I was utterly speechless.  Shell-shocked, even.  From my 13-year old perspective, my life had just hit a brick wall and everything about my future was a big question mark.  What did this mean for my social life?  What would my friends think?  Would they even remain as my friends?

Those next couple of months made for the worst summer of my young life as I was dreading that first day of school.  I basically became a hermit for eight weeks and didn’t socialize with anyone because I knew I’d inevitably be asked about my report card, which in turn would draw out a confession that I wasn’t joining everyone else my age in Grade 9 because I hadn’t conquered Grade 8 just yet.

I’ve never told anyone this before, but things got so bad in my head and in my heart that I actually had thoughts of ending it all.  I know that may seem on the surface like a small thing to get so worked up about where one would fleetingly consider suicide, but all I can say is that’s how terrified I was at the time.  I looked at a bottle of pills in my home and thought about downing a good fistful of them.

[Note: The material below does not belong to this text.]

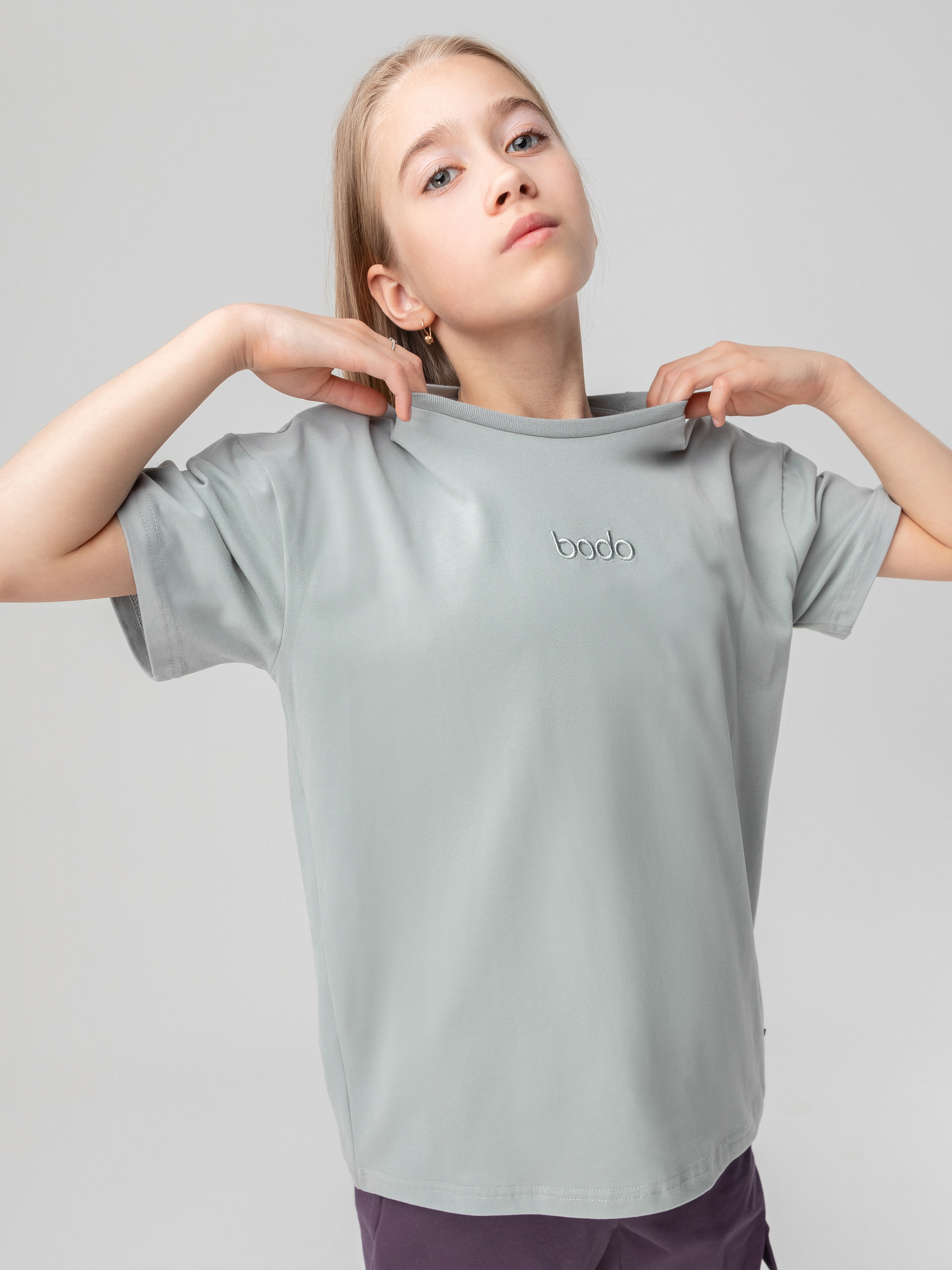 Футболка свободного, прямого силуэта с втачным коротким рукавом, горловина округлой формы.

You see, that’s one of the horrors of being a teenager; to think that your world is coming to an end because your friends are leaving you behind as they advance in life and you’re left on pause.  No one knew I’d been held back until the first day of school when an assembly was held and in the eyes of my friends, I was sitting with “those younger kids” in the 8th grade.  But as they say, time heals all wounds, and although there was some awkwardness during those first few weeks, my friends in Grade 9 didn’t leave me.  As a matter of fact, I met some guys in my new class who became my best friends in life, guys who I consider brothers to me still today.

It ain’t easy being a kid, and that’s my own personal story of teenage woes that luckily had a much better ending in the long run.  However, my story of junior high drama from over twenty years ago is nothing compared to what families are going through right now as we look ahead to arguably the most tumultuous and unprecedented school year in human history under ‘Covid conditions’.

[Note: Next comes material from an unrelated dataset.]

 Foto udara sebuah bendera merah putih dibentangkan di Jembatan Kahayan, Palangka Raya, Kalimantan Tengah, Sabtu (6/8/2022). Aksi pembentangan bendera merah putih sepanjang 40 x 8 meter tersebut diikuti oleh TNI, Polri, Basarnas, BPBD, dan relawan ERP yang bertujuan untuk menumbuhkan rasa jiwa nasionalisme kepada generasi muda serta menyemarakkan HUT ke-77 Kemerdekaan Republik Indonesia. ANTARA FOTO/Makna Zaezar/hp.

It's been interesting to watch the almost rollercoaster of a ride that parents and kids have been on since this whole pandemic thing blew up back in March.  I think back then, there was a bit of an attitude towards Covid that we were going to be out of this thing in just a few months and that the new school year would proceed as normal.

Well, here we are with the first week of school just days away, and the immediate future isn’t exactly going to be normal, but those in charge are doing their absolute best to at least make it a new version of what we perceive ‘normal’ to be.

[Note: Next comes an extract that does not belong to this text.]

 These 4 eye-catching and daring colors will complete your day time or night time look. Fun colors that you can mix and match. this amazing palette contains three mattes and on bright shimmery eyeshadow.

Since it’s my job, I've been poring through various back to school plans for the local area, and the biggest thing I’ve noticed in larger schools is that they’re going with the ‘Kindergarten mandate’ in which kids will go to school every other day.  If your last name starts with A-L, you go on these specific days while kids with M-Z surnames go on those specific days.

When you read up on what else will be in store for staff and students this fall, to say that it's going to be an interesting school year would be an understatement.

My heart is with everyone with kids who attend public school.  These are wild and scary times we live in right now where, once again, everything about the future is one big question mark.

I also feel for the teachers, who are being put in a precarious and extremely vulnerable position in which they’re essentially being tasked with a laundry list of roles that they didn’t ask for as little as six months ago.  My sister has been a teacher for nearly 30 years and she’s seen it all and done it all, and I hope some of our youngest educators can seek out advice of their senior colleagues when things get too tough.  I hope they can all lean on each other and help get everyone through what lays ahead.

I believe there *IS* a light at the end of this tunnel.  We just all need to get there together.

For this week, that’s been the Ruttle Report.